El petardismo, la declamación verbal y la arrogancia juvenil «revolucionaria» fueron acentuando una línea de conducta que terminó por interferir en la conducción estratégica del general Perón, que sancionó no a la revolución, sino al revolucionarismo.
En el plano de la lucha interna, se desplazó el eje de la contradicción principal de lo ideológico a lo generacional.
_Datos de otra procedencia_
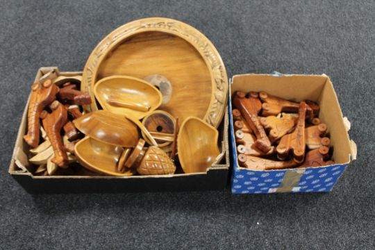 Two boxes of wooden pieces - lazy Susan, pineapple bowls, 3D wooden giraffe jigsaws

Del entontamiento correcto de revolución y reformismo, se pasó a la glorificación de los jóvenes como garantía revolucionaria. Ser viejo era —casi— antirrevolucionario. Parecía que la liberación pasaba por «la tendencia» y no por el peronismo en su conjunto.
El máximo error de Galimberti es haber confundido su rol: de ser el funcionario del movimiento que representa a Perón ante la Juventud Peronista, se convirtió en vocero de «la tendencia» ante el propio Jefe del Peronismo. La costumbre de conducción del general indica que ha alentado la dinámica de la discusión interna y jamás ha sancionado a ningún sector por su propuesta política. Desde la alternativa independiente propuesta por el «Peronismo de Base», hasta la conspirativa de Guardia de Hierro y el «Tras-vasamiento Generacional» conviven sin atención especial. Aunque algunas veces, como la dilatada espera en Madrid para ser recibidos y la poca deferencia por parte de Perón en el caso del viaje de Alejandro Alvarez y Roberto Grabois, marquen la opinión del general ante la propuesta del «trasvasamiento generacional» de Guardia.
La «tendencia», al identificarse como tal, fue prendiendo su política a esta falsa denominación. Se tendenció y dejó de expresar al conjunto del Movimiento, precisamente cuando Perón le otorgó una holgada confianza como vanguardia, no de la Juventud Peronista, sino de toda la juventud argentina.